The court overturned a summary judgment in favor of Novartis Pharmaceuticals Corp. in a products liability suit by Linda Messick. The panel held that Senior U.S. District Judge Susan Illston of the Northern District of California should have considered the testimony of oral surgeon Richard Jackson, and that the testimony established a triable issue of fact on the issue of causation.

Messick’s case is one of several around the country claiming damages resulting from use of the bisphosphonate Zometa, which she took to combat osteoporosis after chemotherapy.

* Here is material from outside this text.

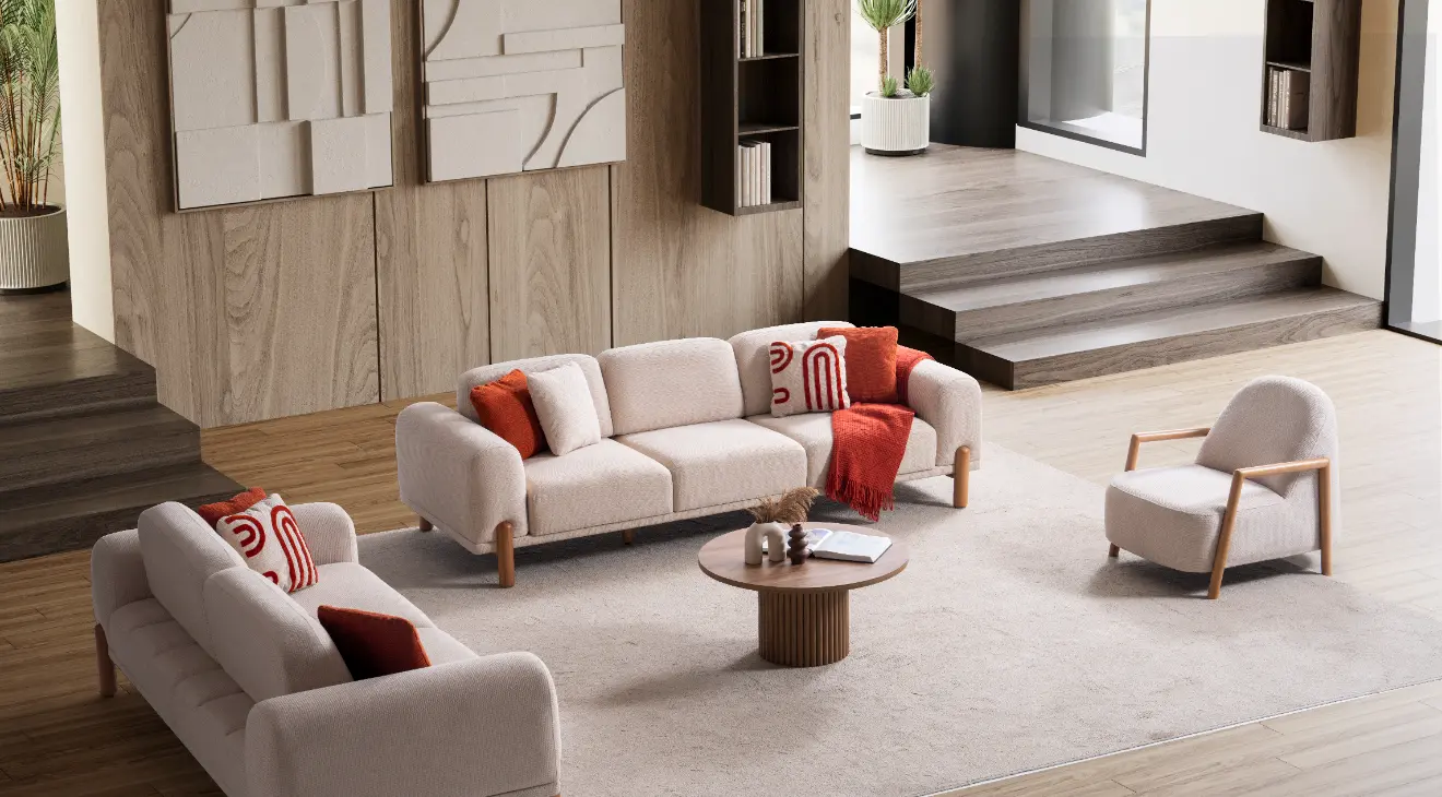 Sofa Ahşap Ayaklı Modern Koltuk Takımı

Messick claims the drug destroyed her jaw.

Jackson opined that there is a link between Messick’s jawbone damage, known as osteonecrosis of the jaw or ONJ, and bisphosphonate-related osteonecrosis of the jaw, or BRONJ, but Ilston found that his “differential diagnosis only determines that Ms. Messick’s ONJ is related to her bisphosphonate use, and he admits that a diagnosis of BRONJ does not mean that bisphosphonates caused her ONJ.” Gould said Illston “applied too high a relevancy bar.”

“While Dr. Jackson never explicitly stated that Messick’s bisphosphonate use caused her BRONJ, he did say it was at least a substantial factor in her development of BRONJ,” Gould said. “Specifically, Dr. Jackson equated Messick’s use of bisphosphonates leading to BRONJ with the oxygen necessary to start a fire. Although one might imagine more targeted testimony, Dr. Jackson’s testimony indicates that Messick’s bisphosphonate use was a substantial factor in her development of BRONJ, so his testimony is relevant.”

Illston further erred in excluding for lack of a “scientific basis” Jackson’s opinion that it was unlikely for a patient who had not been exposed to radiation to develop a serious case of ONJ without taking bisphosphonates, Gould said.

“Medicine partakes of art as well as science, and there is nothing wrong with a doctor relying on extensive clinical experience when making a differential diagnosis,” he said.

The judge cited a 2009 position paper of the American Association of Oral and Maxillofacial Surgeons, which said “the current level of evidence does not fully support a cause-and-effect relationship between bisphosphonate exposure and necrosis of the jaws,” but that while “causality might never be proven, emerging experimental and epidemiologic studies have established a firm foundation for a strong association between monthly IV bisphosphonate therapy and the development of BRONJ.”

Gould wrote:

“Because of that inherent uncertainty, we do not require that an expert be able to identify the sole cause of a medical condition in order for his or her testimony to be reliable. It is enough that a medical condition be a substantial causative factor.”

Senior Judge Raymond Fisher and Judge Morgan Christen joined in the opinion.

The case is Messick v. Novartis Pharmaceuticals Corp., 13-15433.